James Blackadder was Roland Mitchell's thesis supervisor, and now he's Roland's employer. Scottish, "stringent" (2.3), and just a teensy bit curmudgeonly, Professor Blackadder is the kind of scholar who spends his life chipping away at a plain and practical project—in his case, an annotated edition of Randolph Henry Ash's Complete Poems and Plays (2.15). He doesn't have any of Mortimer Cropper's scholarly fame and pizzazz, but—fortunately for the novel's heroes—he lacks Cropper's greed and self-importance, too.

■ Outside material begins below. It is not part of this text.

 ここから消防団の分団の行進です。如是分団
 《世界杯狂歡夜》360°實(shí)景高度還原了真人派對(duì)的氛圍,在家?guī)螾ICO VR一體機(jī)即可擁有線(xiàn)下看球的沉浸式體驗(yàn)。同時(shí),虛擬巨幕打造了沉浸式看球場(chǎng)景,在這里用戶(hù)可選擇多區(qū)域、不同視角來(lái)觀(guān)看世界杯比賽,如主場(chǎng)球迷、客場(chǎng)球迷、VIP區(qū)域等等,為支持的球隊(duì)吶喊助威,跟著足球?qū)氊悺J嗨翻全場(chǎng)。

Blackadder has been working on Randolph Henry Ash's writings for so long that he sometimes finds it difficult to distinguish his own thoughts and ideas from Ash's. Every now and then, it makes him anxious to think "that he would end his working life, that is to say his conscious thinking life, in this task, that all his thoughts would have been another man's thoughts, all his work another man's work" (2.18). Luckily for him, he's really and truly fascinated by Ash's writings, which makes him inclined to accept his "subordination" (2.18).

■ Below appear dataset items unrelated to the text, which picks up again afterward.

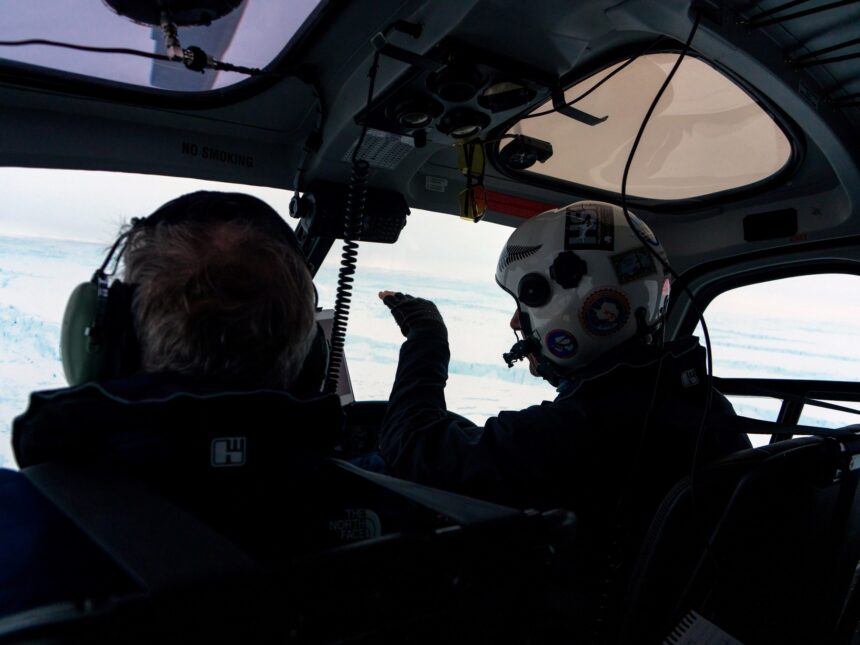 La tripulación de un helicóptero se prepara para despegar del rompehielos Araon durante un breve periodo de cielo despejado el domingo 11 de enero de 2026, para explorar un posible lugar de acampada para científicos en el glaciar Thwaites, en la Antártida. (Chang W. Lee/The New York Times)En cuestión de minutos, O’Rourke había dado la vuelta al helicóptero.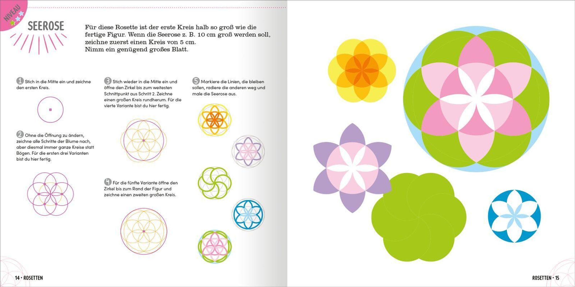 - Schritt für Schritt: In verständlicher Sprache und mit vielen Bildern lernen Kinder die vielen künstlerischen Möglichkeiten eines Zirkels kennen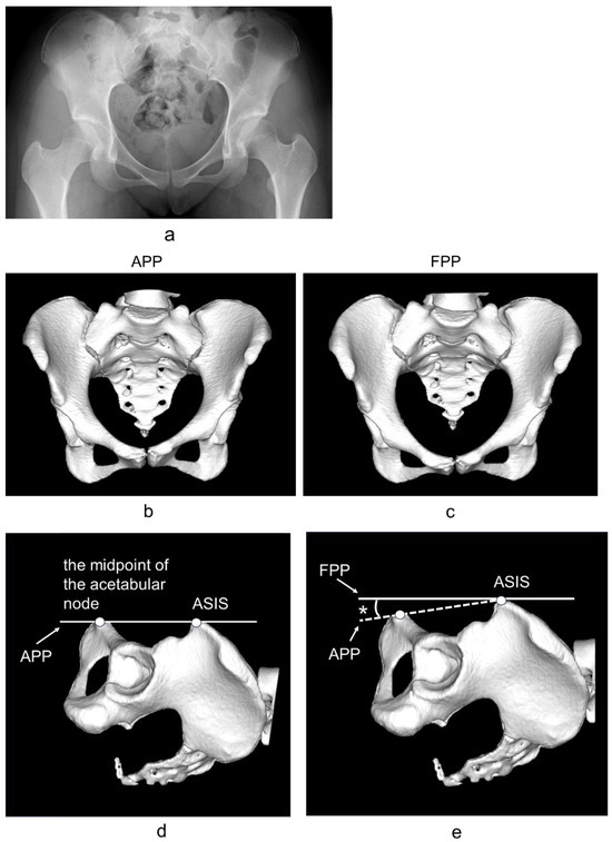 (a) Anteroposterior plain radiograph of the hip joint. (b) Frontal view of a pelvic three-dimensional computed tomography reconstruction obtained by aligning the pelvis with the anterior pelvic plane (APP), which is based on the plane consisting of the left and right anterior superior iliac spines (ASISs) and the midpoint of the acetabular node. (c) Frontal view of a pelvic three-dimensional computed tomography reconstruction obtained by aligning the pelvis with the functional pelvic plane (FPP) (the table plane in the supine position was used as a reference, reflecting the APP sagittal inclination in the supine position). (d) Lateral view of a pelvic three-dimensional computed tomography reconstruction obtained by aligning the pelvis with the anterior pelvic plane (APP), which is based on the plane consisting of the left and right anterior superior iliac spines (ASISs) and the midpoint of the acetabular node. (e) Lateral view of a pelvic three-dimensional computed tomography reconstruction obtained by aligning the pelvis with the functional pelvic plane (FPP) (the table plane in the supine position was used as a reference, reflecting the APP sagittal inclination in the supine position). * Sagittal inclination of the APP in the supine position.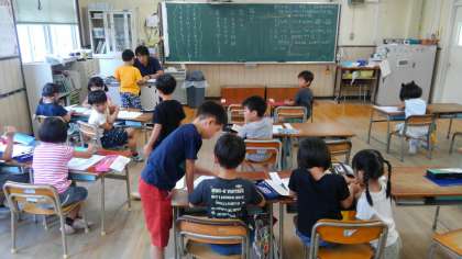 お互いで教えあいをしていました。

For Roland Mitchell, writing his doctoral thesis under Blackadder's supervision was "a discouraging experience" (2.3). As Possession's narrator tells us,"Blackadder was discouraged and liked to discourage others" (2.3). Whereas Mortimer Cropper funds his Randolph Henry Ash research with a bottomless bank account, Blackadder toils away with minimal funding in the basement of the British Museum. What's worse, Blackadder's research facilities are funded in part through his rival's "goodwill"—a situation he expects Cropper to use to his own advantage someday.
Luckily for Blackadder, things are looking up by the end of Possession. The discovery of the Ash-LaMotte correspondence inspires a large endowment of research funds that he'll be able to use to his benefit, and his blossoming friendship with Leonora Stern is helping to make him a more daring, adventurous, and lighthearted man. That's a win-win for everyone.